Saturday, June 24, 2006

Iraq To Set Timeline


Withdrawal of TroopsAnti Torture      Finally a ray of hope that the nightmare in Iraq may be coming to an end.   At least we can hope that sanity will prevail in an administration hell-bent on eternal war.



A timeline for withdrawal of Occupying Troops and amnesty for Iraqi Insurgents has been formulated by the Prime Minister, the American Ambassador and seven Sunni Insurgency Groups.   Yes friends and neighbors, you are reading it correctly.   Two of the things that Bush has said he would not do are being proposed by the Iraqi's.   We do not negotiate with terrorists and we will not set a timeline for troops to leave Iraq.
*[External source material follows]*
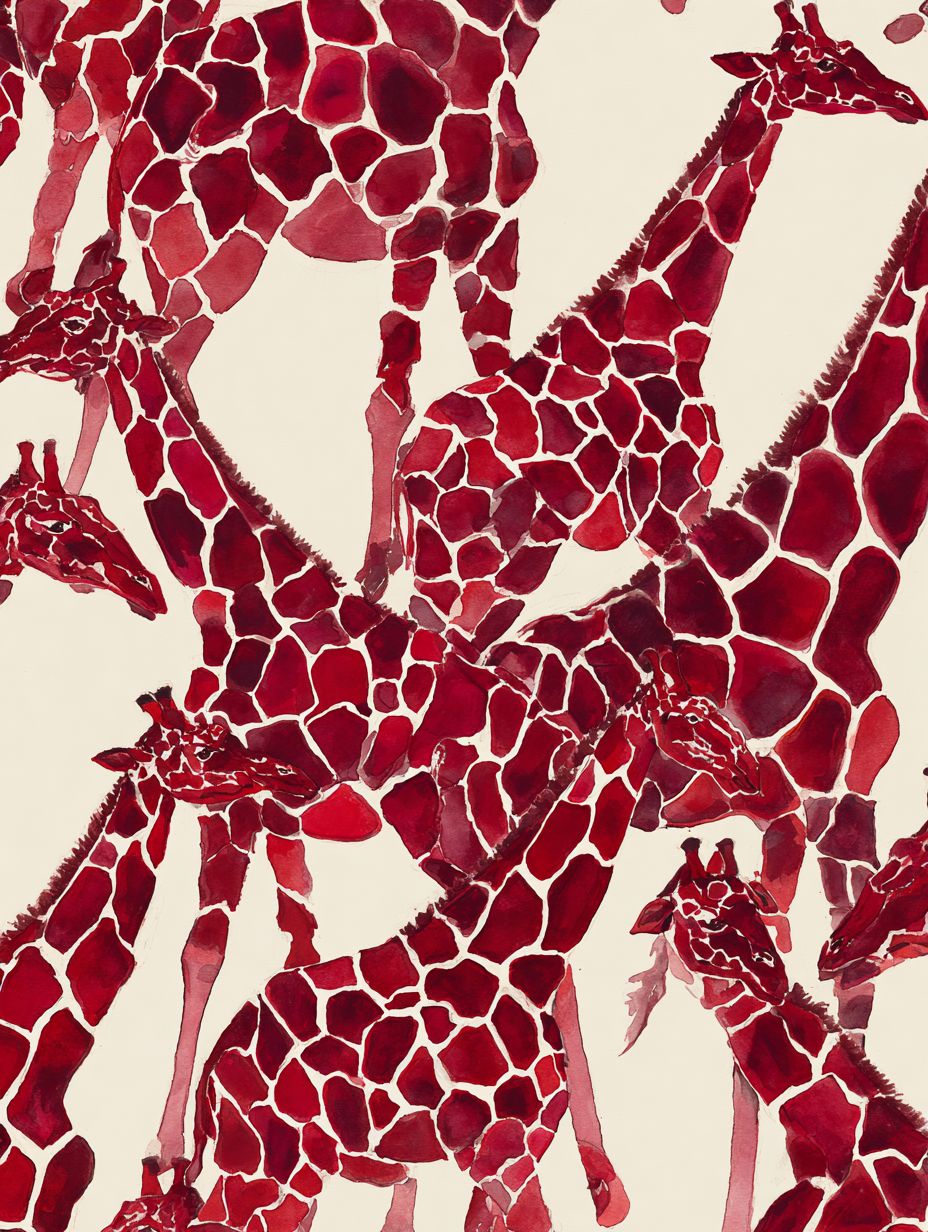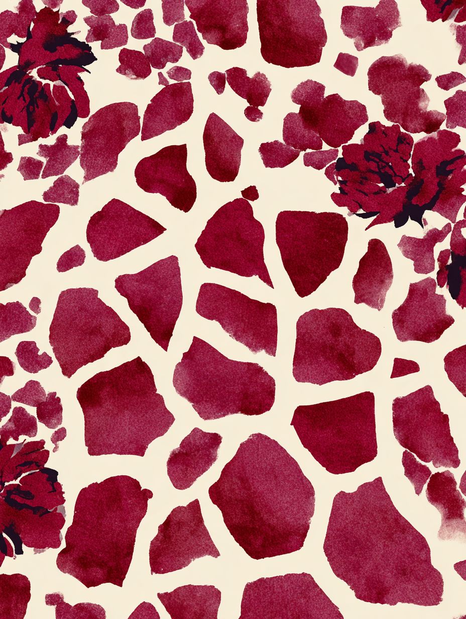 无缝纺织印花,以长颈鹿为灵感的图案,带有大不规则多边形块,边缘圆润有机,紧密排列,最小间隙,色彩鲜明对比设计,水彩风格,丰富深邃的猩红色长颈鹿斑点配在淡象牙色背景上,图形而奢华的外观,超大的图案,高档动物印花重新诠释,密度非常低,花卉图案广泛分布,有大量留白,图案之间的空气感间距,图案相对彼此更远,以揭示更多底色,布局中背景可见部分多于图案,湿碰湿的水彩风格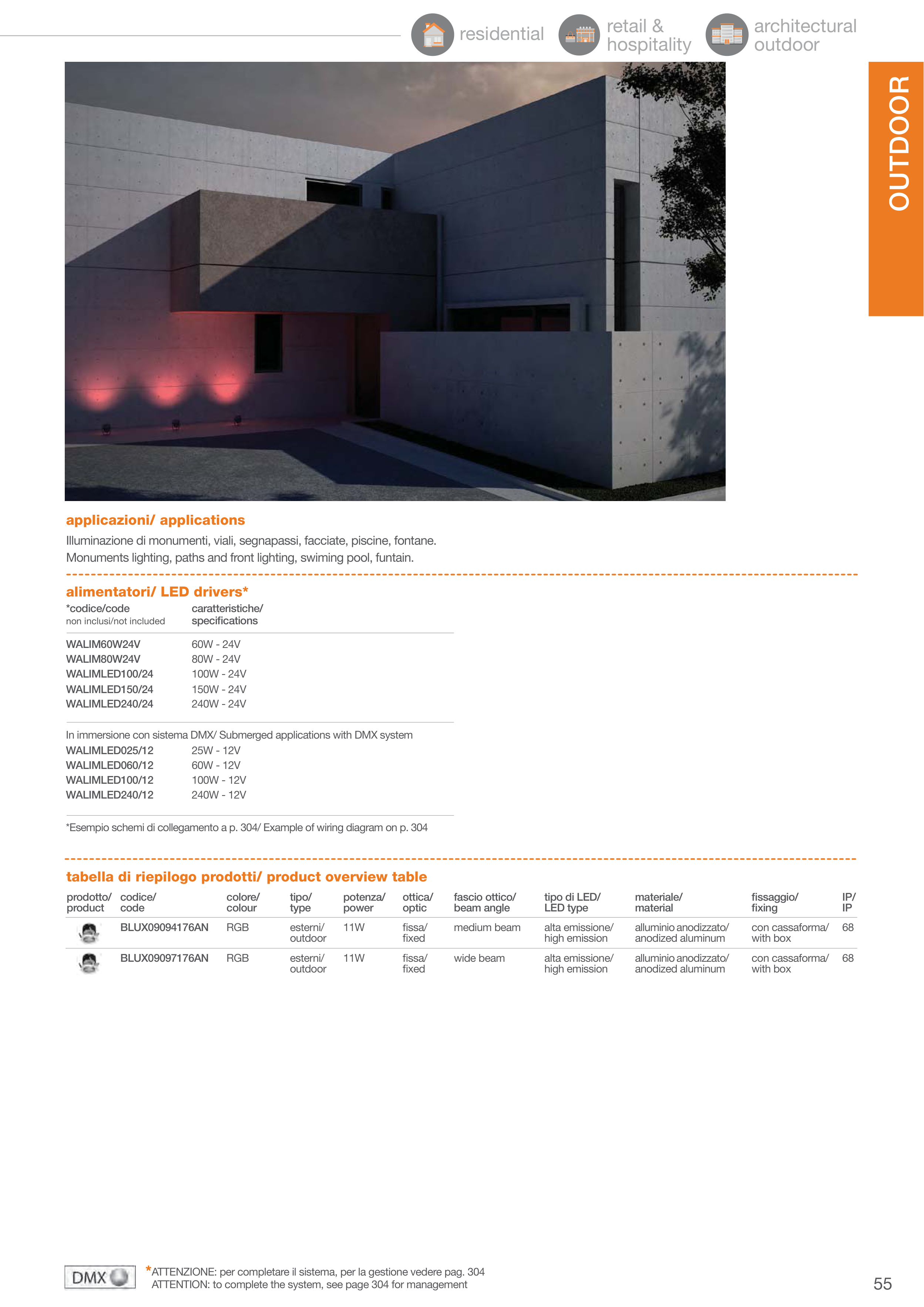 Illuminazione di monumenti, viali, segnapassi, facciate, piscine, fontane.

How will the NeoCons manage to control the Middle East without troops in the permanent bases being built in Iraq?   How will they convince the Iraqi's that it is OK for foreign troops to be permanently located in the Islamic Republic of Iraq?   How will Bush justify building 12 permanent bases at a cost of billions of American Dollars and then have to give them up?   How will they spin the negotiating with insurgants that until just recently they classified as terrorists?



Newsweek


Maliki's Master Plan



A national reconciliation plan for Iraq calls for a timetable for withdrawal of U.S. troops and, controversially, amnesty for insurgents who attacked American and Iraqi soldiers.



June 24, 2006 - A timetable for withdrawal of occupation troops from Iraq. Amnesty for all insurgents who attacked U.S. and Iraqi military targets. Release of all security detainees from U.S. and Iraqi prisons. Compensation for victims of coalition military operations.



Those sound like the demands of some of the insurgents themselves, and in fact they are. But they're also key clauses of a national reconciliation plan drafted by new Iraqi Prime Minister Nouri al-Maliki, who will unveil it Sunday.






TIMES ONLINE

Peace deal offers Iraq insurgents an amnesty



June 23, 2006 - THE Iraqi Government will announce a sweeping peace plan as early as Sunday ...



The 28-point package for national reconciliation will offer Iraqi resistance groups inclusion in the political process and an amnesty for their prisoners...



The Government will promise a finite, UN-approved timeline for the withdrawal of all foreign troops from Iraq; a halt to US operations against insurgent strongholds; an end to human rights violations, including those by coalition troops; and compensation for victims of attacks by terrorists or Iraqi and coalition forces.



The deal, which has been seen by The Times, aims to divide Iraqi insurgents from foreign fighters linked to al-Qaeda. It builds on months of secret talks involving Jalal al-Talabani, the Iraqi President, Zalmay Khalilzad, the US Ambassador, and seven Sunni insurgent groups.